_Aim of the task_
Reproduction of part of the material below, pictures omitted: copy exactly, and only, the lines starting with the one with "La Canal Parda, detrás la Torre Santa de Enol" and going on through the one with "6 Detalle de".

_Given records_
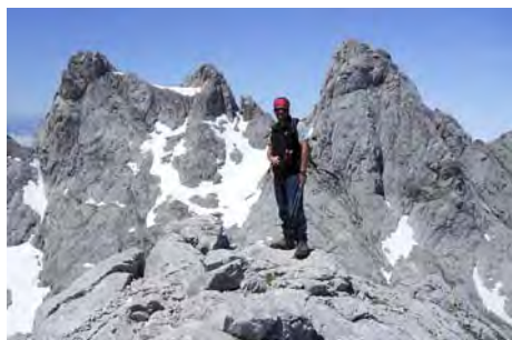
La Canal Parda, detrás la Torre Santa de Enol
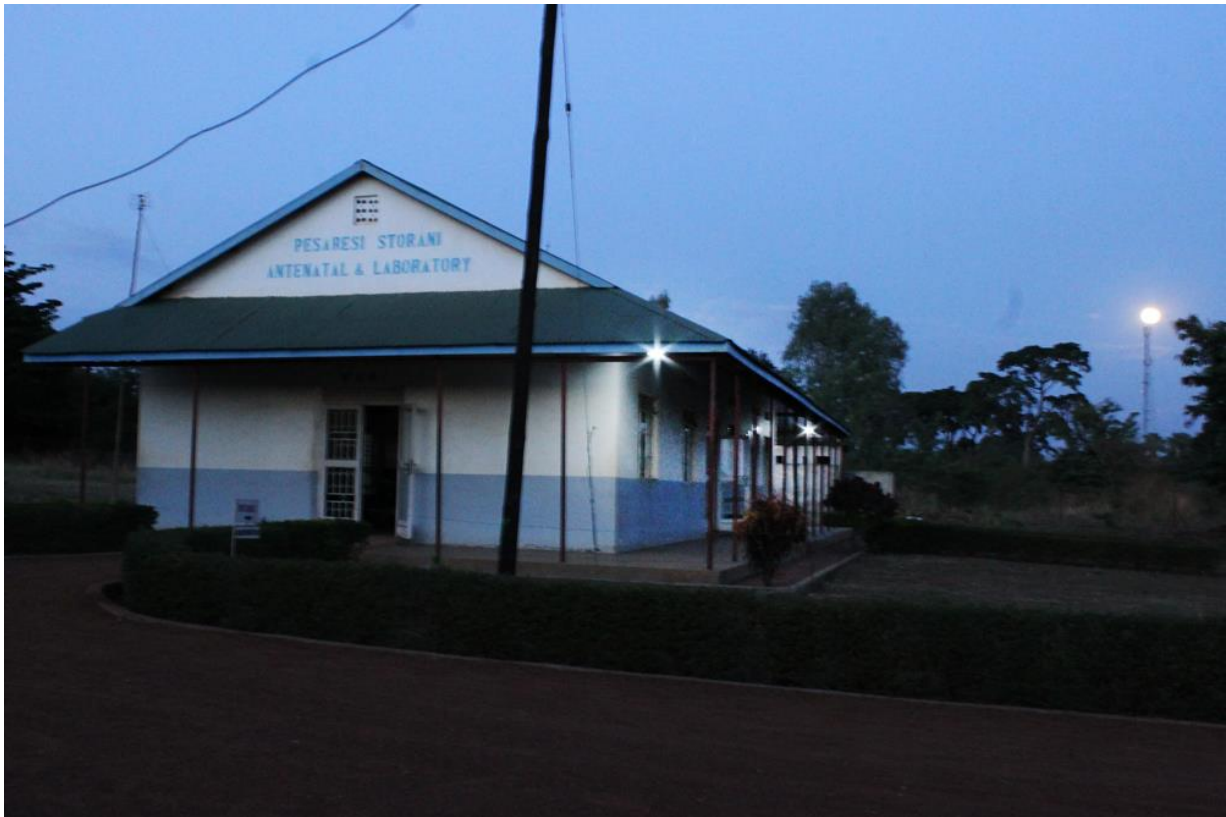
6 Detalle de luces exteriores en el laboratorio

* * *

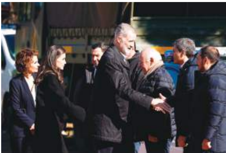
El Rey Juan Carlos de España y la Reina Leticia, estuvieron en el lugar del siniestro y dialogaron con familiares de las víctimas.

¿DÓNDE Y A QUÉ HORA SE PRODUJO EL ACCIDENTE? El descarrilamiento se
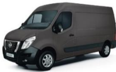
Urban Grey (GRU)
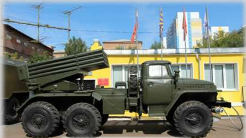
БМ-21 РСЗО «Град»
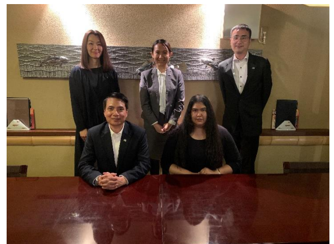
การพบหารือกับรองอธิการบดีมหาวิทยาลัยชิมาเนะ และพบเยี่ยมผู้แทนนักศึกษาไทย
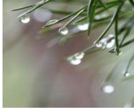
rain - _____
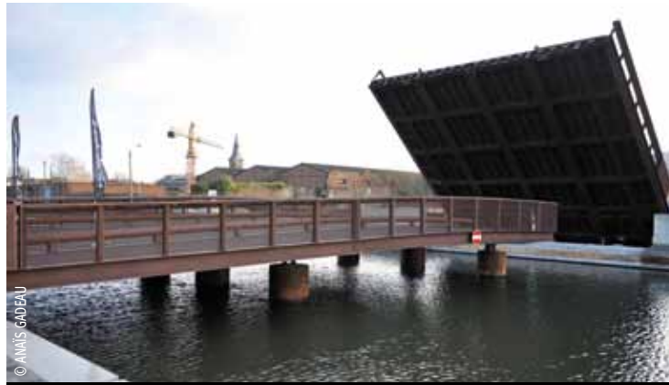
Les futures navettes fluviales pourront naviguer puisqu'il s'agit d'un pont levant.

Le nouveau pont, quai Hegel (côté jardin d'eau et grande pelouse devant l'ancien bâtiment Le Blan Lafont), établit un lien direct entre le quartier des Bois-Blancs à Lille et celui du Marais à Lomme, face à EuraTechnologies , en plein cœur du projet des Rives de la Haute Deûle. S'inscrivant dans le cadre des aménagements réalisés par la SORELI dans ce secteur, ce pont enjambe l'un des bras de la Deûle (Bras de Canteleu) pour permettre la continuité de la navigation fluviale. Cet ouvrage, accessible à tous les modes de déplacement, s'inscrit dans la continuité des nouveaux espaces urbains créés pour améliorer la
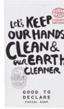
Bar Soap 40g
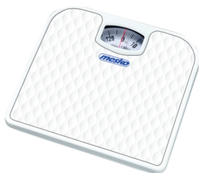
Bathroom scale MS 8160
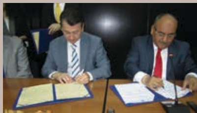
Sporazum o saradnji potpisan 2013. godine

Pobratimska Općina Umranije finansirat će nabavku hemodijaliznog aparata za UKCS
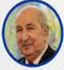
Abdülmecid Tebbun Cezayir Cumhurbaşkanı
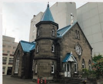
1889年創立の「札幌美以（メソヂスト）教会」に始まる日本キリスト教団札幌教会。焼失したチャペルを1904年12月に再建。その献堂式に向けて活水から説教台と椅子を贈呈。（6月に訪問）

_Reply_
La Canal Parda, detrás la Torre Santa de Enol
6 Detalle de luces exteriores en el laboratorio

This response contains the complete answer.